300 million: the number of cells in your skin, your largest organ. The outer layer, the epidermis, is constantly being renewed and replaces itself about once every 75 days. There are an average of 10 hairs, 100 sweat glands and 1 metre of blood vessels in each 3 square centimetres.

20–20,000 hertz: the hearing range of a young adult. This shrinks dramatically to 50 to 8000 hertz in old age. Sounds become painful at about 130 decibels (near a plane taking off), but prolonged exposure to anything above 90 decibels (a tractor engine) will permanently damage hearing.

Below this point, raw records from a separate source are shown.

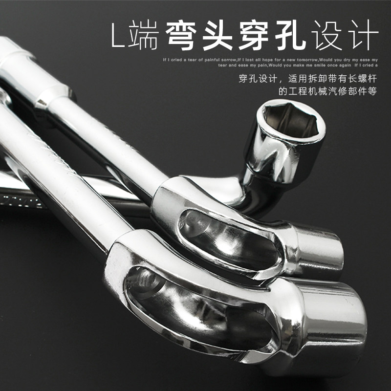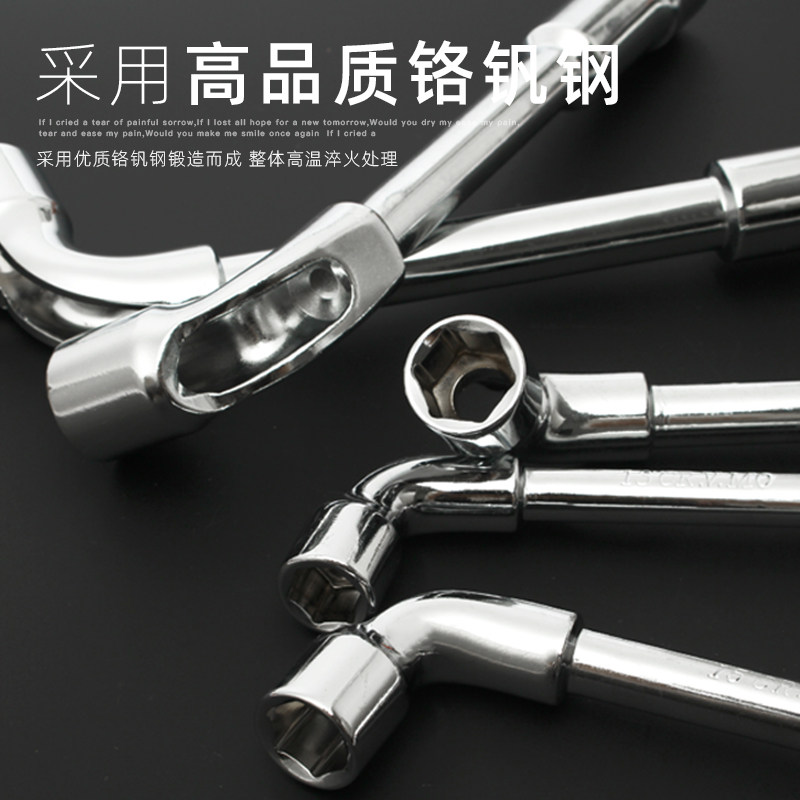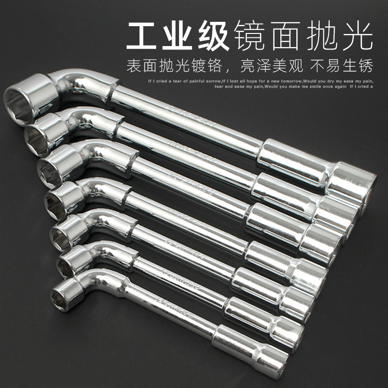 50BV30 steel L type sleeve wrench elbow perforated 7-shaped multifunctional outer hexagonal double head cigarette wrench 6-24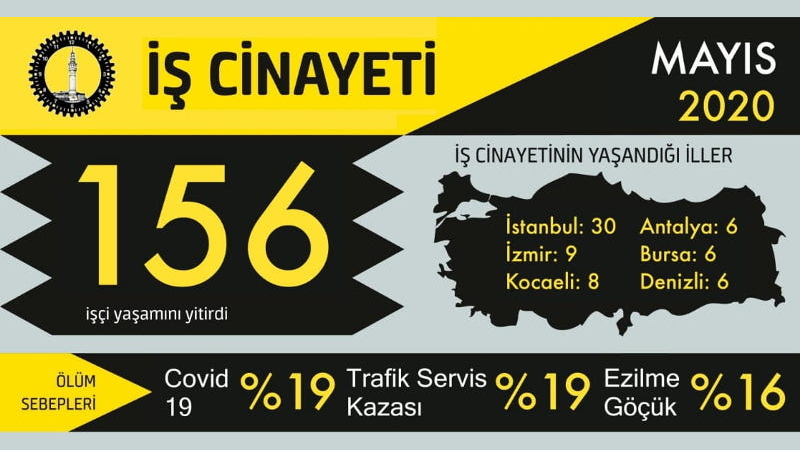 2020’nin ilk 5 ayında hayatını kaybeden işçi sayısı 737, koronavirüs nedeniyle 3 ayda ölen işçi sayısı 146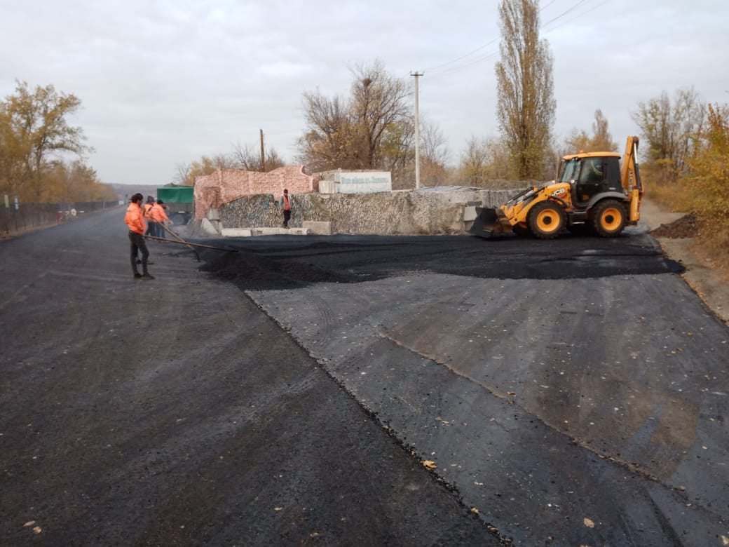 Працівники одного із підприємств продовжують укладати асфальтовий шар на перехресті доріг від Золотого в Катеринівку та траси в напрямку населеного пункту Первомайськ.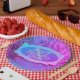Gras rose chaud et bleu vif et violet avec un design scintillant avec un empreinte de léopard et un lotus élégant unis avec un étiquette au milieu où vous pouvez personnaliser votre événement. Un glamour clinquant moderne.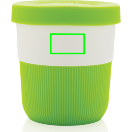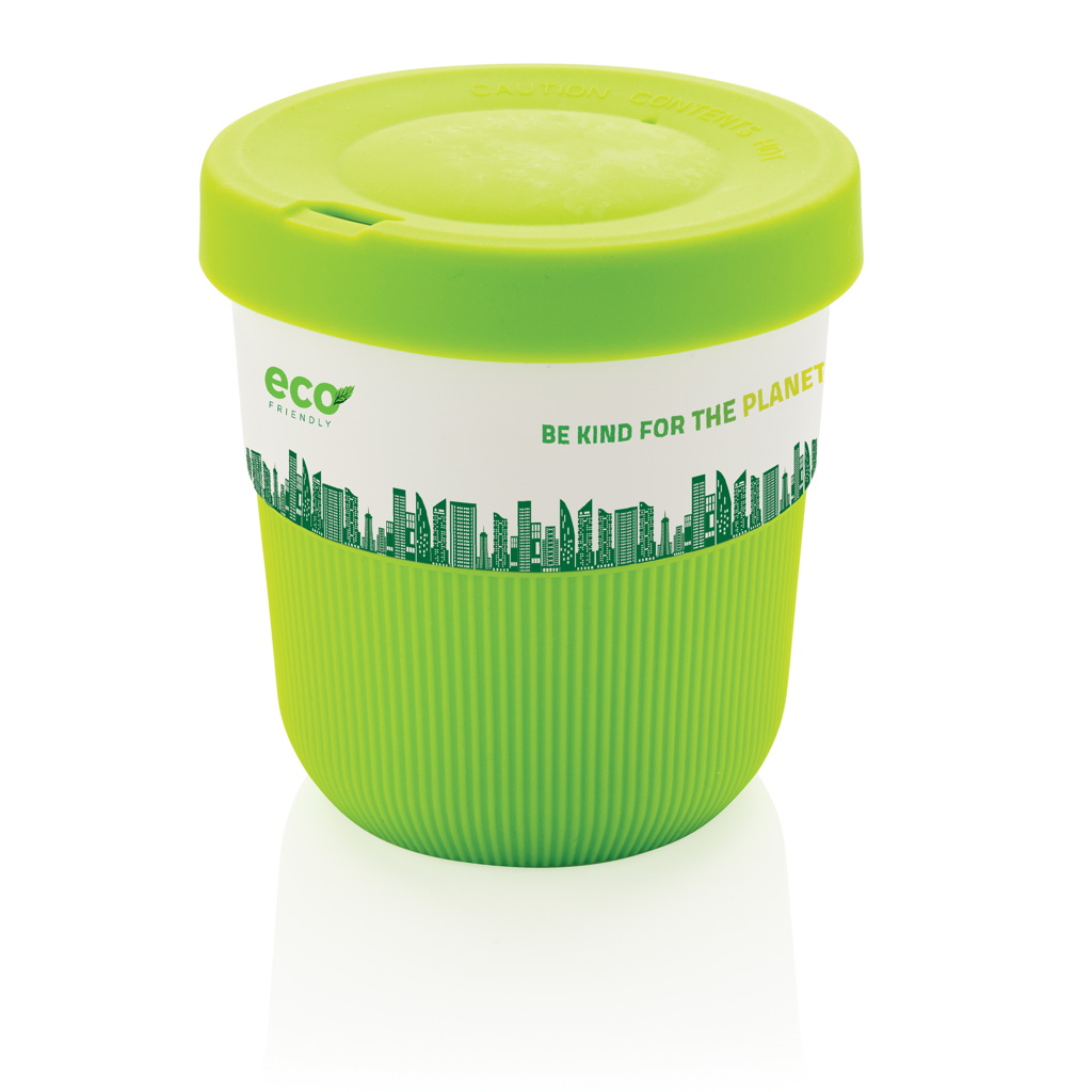 A sustainable alternative to traditional cups! Bringing style and practicality to your morning commute, this PLA coffee cup is ideal for transporting your favourite hot beverage. Manufactured from plant material (PLA), so not only stylish but also kind for the planet. Comes with a silicone grip and lid for your convenience. Fits conveniently under most coffee machines. 100% melamine free. Capacity 280ml.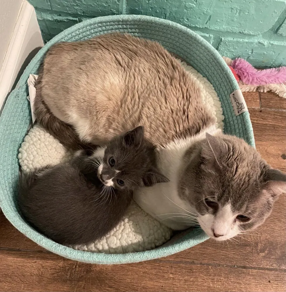 Their energy rubbed off on Oliver and their purrs and snuggles lifted his spirits. “He is a super mellow, friendly guy. He loves it when the kittens cuddle with him. We often find foster kittens choose to cuddle with him over siblings.”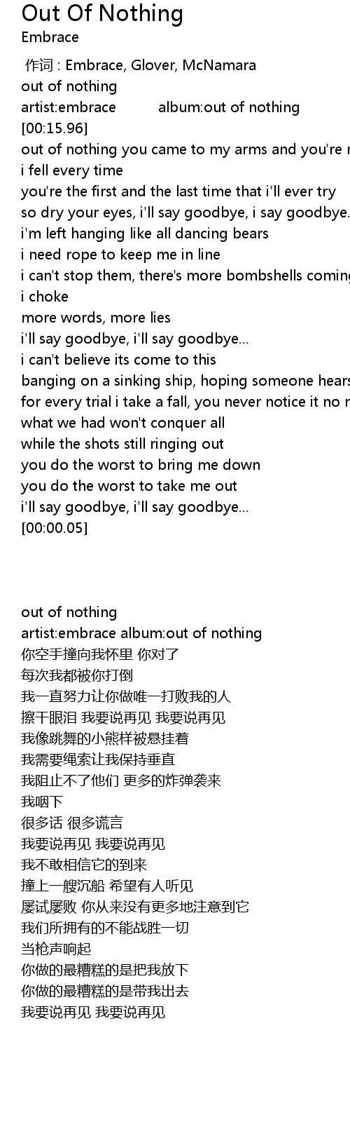 | [00:11.57] | artist: embrace album: out of nothing |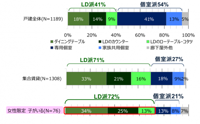 旭化成ホームズ(東京都千代田区)くらしノベーション研究所はこのほど、新型コロナウイルス感染拡大防止に向けた緊急事態宣言発令に伴い急速に普及した、在宅ワークにおけるくらしの現状について調査を実施し、その結果を発表した。在宅ワークをする場所を尋ねたところ、戸建てに住む人では54%が「個室」と回答。「LD」は41%だった。一方、集合賃貸に住む人では「LD」派が71%と、「個室」派の27%を大幅に上回った。子がいる女性に限定すると、72%が「LD」派と、家族のいる空間で仕事をしたい層の存在がわかった。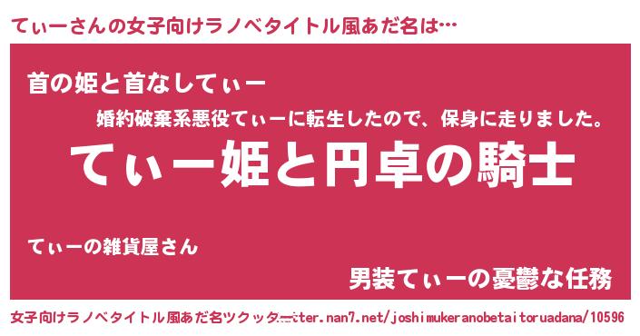 | 胡散臭い通販商品みたいなあだ名 | 『モテモテ間違いなし霊験あらたかなお札…その名も「てぃー」』 |

1 litre: the average amount of sweat lost in a day.

300 million: tiny air sacs or alveoli in each adult lung. If these were spread out, their total surface area could cover a tennis court. The major airways in each lung are tilted at different angles. This means that if you ever inhale a peanut, it will nearly always lodge in your right lung.

2.5 billion: the average number of heartbeats in a lifetime. At rest your heart pumps about 5 litres per minute, during exercise its output can reach 30 litres. Most people’s hearts lie to the left side of the chest, but in people with a condition called situs inversus totalis (1 in 8500) it lies to the right, and the orientation of all their other organs is switched too.

31 million: the neurons you lose from the main part of your cerebral cortex every year – about one per second.

25 billion: the average number of red blood cells in your body (about 5 billion per litre of blood). 25 million (or 1 per cent) of them die every day, which works out at roughly 300,000 a second. A red blood cell can circumnavigate the entire body in less than 20 seconds.

100 million: the number of bacteria per square centimetre of a sweaty armpit by the end of the day.

1015 the estimated number of synapses linking the 100 billion or so neurons in your brain. There are about 200 million neurons more in the left side of the brain than the right.

70 per cent: thanks to the liver’s amazing powers of regeneration, it can lose this much tissue and still grow back to its original size in a few months. The liver is the largest gland in the body, producing about half a litre of bile per day. It weighs some 1.8 kilograms in men and 1.3 kilograms in women. It holds about 13 per cent of the total blood supply at any given moment. Each liver cell (hepatocyte) has an average lifespan of 150 days.

206 the number of bones in the human body – more than half of them in the hands and feet. The knee is the most complex joint of the human body and also the most easily injured.